Sorry for the late update. Your favorite pseudo-anonymous intrepid reporter was busy all last week at the world’s greatest swag-bag/performance space, featuring plenty of kids crying about how lame it is—when they don’t get free stuff. Man, I know!
You know what else sucks? Work!
You know what you were doing? Work!
You know what is lame when compared to being able to have margaritas early on a Thursday afternoon, and by margaritas I totally mean coffee because I don’t have a blender or lime juice but plenty of gin because that’s totally acceptable in your margarita since I don’t drink wussy drinks like tequila...oh I’m lying, I drink tequila...uh…question mark.
WORK! That’s right!
Oh, but I digress. I’ve been filing and working 30+ hour weeks. Man, work is hard—especially when your contracts shift and change!
Case in point: Part-time job no. 442 paid me half of the fee I was supposed to receive. What the fellow who hired me neglected to say was:
- A.) I would not be paid $X00 per month, despite saying “You’ll get $X00 per month.” (Note: The number is even, below six and higher than two.)
- B.) This person, I would find out a few days ago, in fact had no basis to tell me money since he didn’t handle it.
- C.) I actually got a check for less than $X00.
- D.) If I want $X00, I’d have to write an extra article per week for a sister site, but would have to be approved two weeks ahead of time. And whatever I optioned could be taken by a staff member before I’d be allowed to write it.
Who says online journalism isn’t awesome? I was sort of bummed out about that for a while. Not to mention my OL’ RELIABLE is in a bit of an in-between period—while having a healthy bit of change coming my way—due to ad sales, and a lack there of.
DAILY FREE NEWSPAPER isn’t returning my calls, but would love for me to pitch them for December or January.

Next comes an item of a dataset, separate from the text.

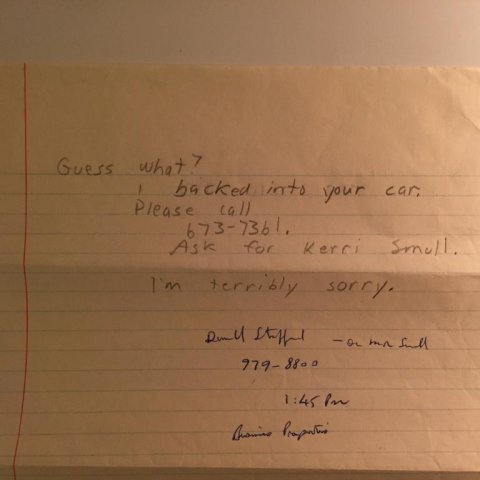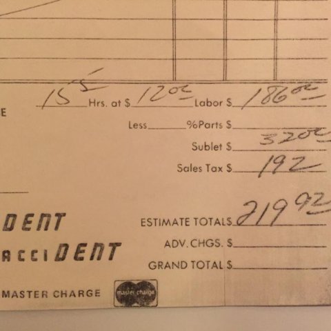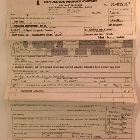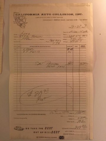 I guess I would call it more like a surface rust. There is almost no clear coat left on the car thanks to 43 years in that hot Arizona sun. I was blown away when I saw the shape of the car. Here are a few pics of the paper work I got with the car that explains the drivers side dent on the door and fender. The one pic is the women's actual hand written note she left on the Datsun when she hit it. From the insurance report, the women hit the 240 with a 1973 pinto! The accident happened 9/26/77 in Huntington Beach California. Check out those labor rates to fix the car back in 1977! 15 hours of work at $12 an hour!

And man, the world is a dark, dreary place. Nearly five months since I escaped one hell, and now I can’t even get into another. I looked at an ad to copy-write for some knife company the other day. Kinda tempting. I mean, what else is a poor boy to do?
Well, there is the interview I did with Gothamist’s Ben Kharakh* today. Just now as a matter of fact. Here, take a gander:
How are you?
Fine. A little cold, but whatever.
What is your name?
Mitchel Stevens. Wait, was there more? You just kinda…let it stay flat.

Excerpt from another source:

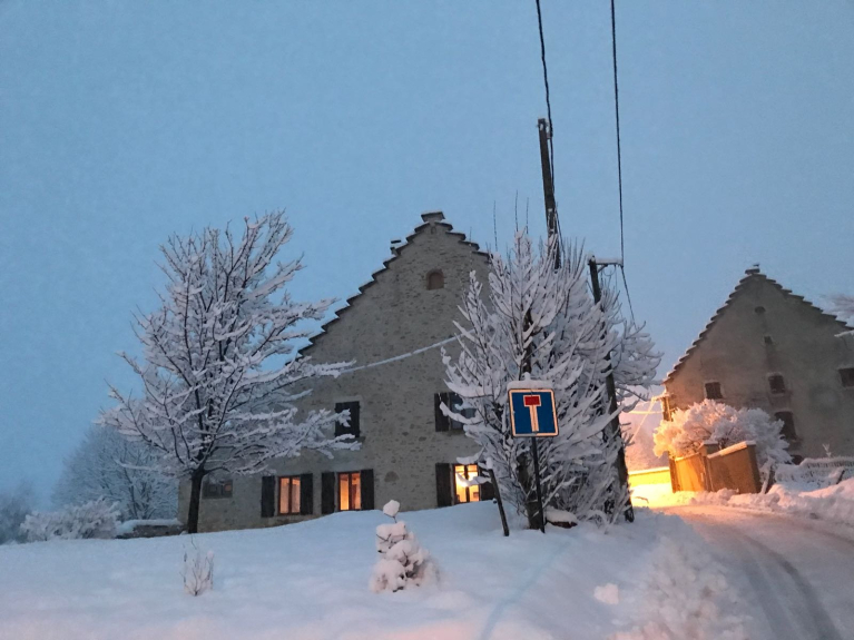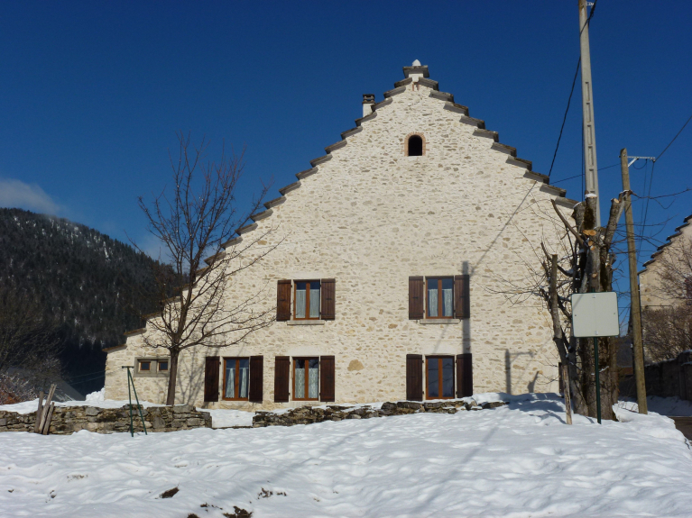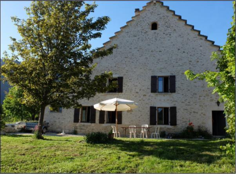 Großes Haus im typischen Stil des Vercors mit Privatgrundstück und Parkplatz.

What is your opinion on INSERT TOPIC HERE?
Wait, what? Insert what? A topic? Uh, well, I’m a big fan of my Nintendo DS. I mean, it’s really an ingenious thing when you think about it. The whole concept they’re doing with touch is kinda cool.
How do you like New York?
New-, wait, what? Fine. I guess.
(REFERENCE TO QUESTION THREE)
…oh god, you’re…
DO YOU WANT BIG PENIS NAO TIEM11111111
Yes, I have discovered that Gothamist’s own Ben Kharakh is in fact a super-sentient, beta-tested feature available on early builds of Apple’s OS X.2 Leopard. I have it on good word that Jen Chung and Jake “Kitty” Dobkin actually operate Kharakh using their iPhones. It’s apparently just like playing a Nintendo DS.

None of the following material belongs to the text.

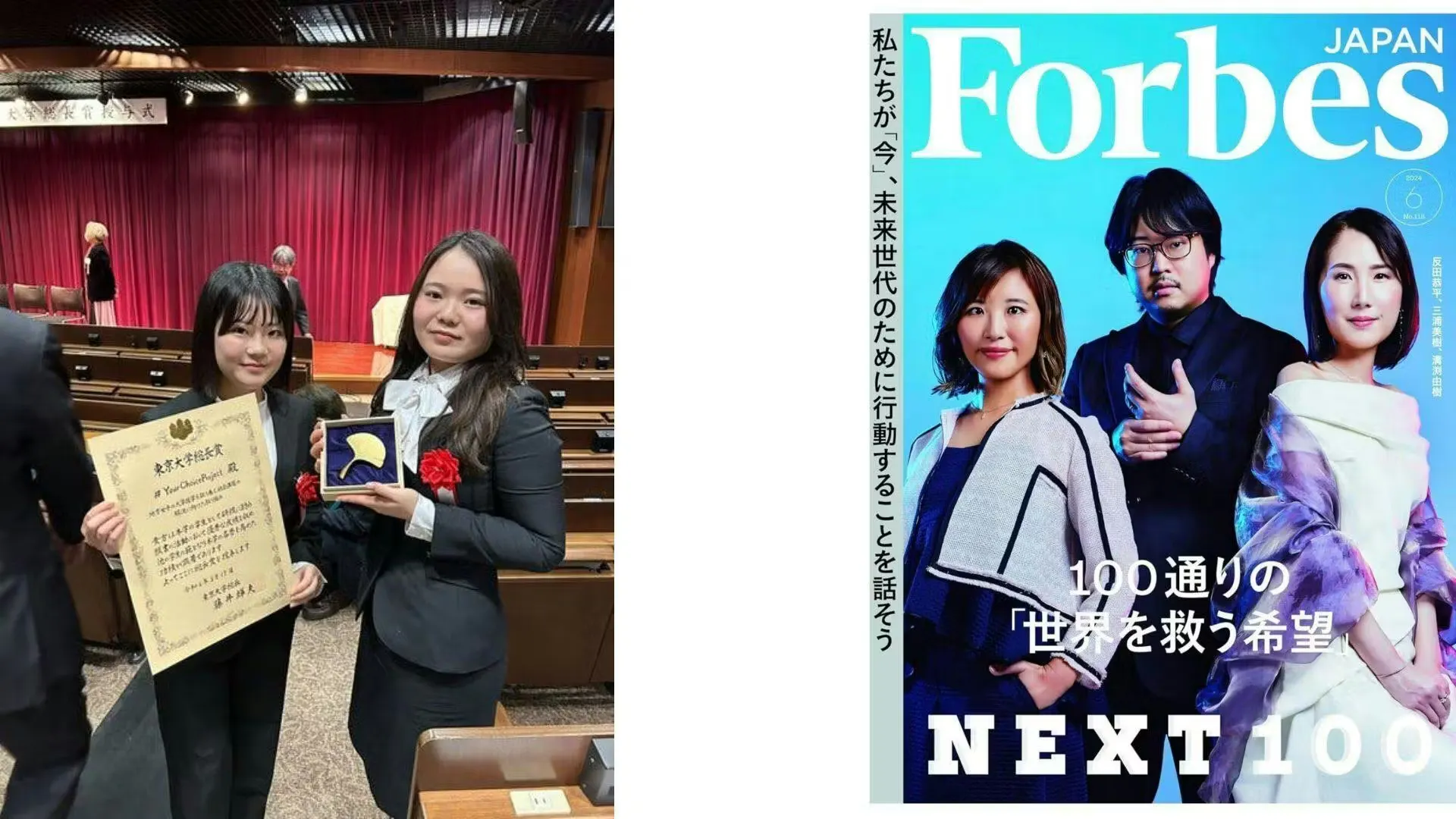 東京大学総長賞受賞の際の写真(左)と「今注目すべき『世界を救う希望』100人」に選出された際のForbesの表紙(右)

Anyway, I really shouldn’t mock Gothamist. They’ll send Dobkin’s army of kittens with adorable knives after me. Maybe if I promise to work for them, they’ll help me get a job. Besides, I bet Gothamist at least pays nickels, dimes and belly lint when they say they will.
Oh well. Sorry for the late column and sorry for it being a throw-in. I’ll be back at my regular time next week and regale you about my time spent at “OMG, WTF, WHERE IS MY FREE STUFF” festival last week.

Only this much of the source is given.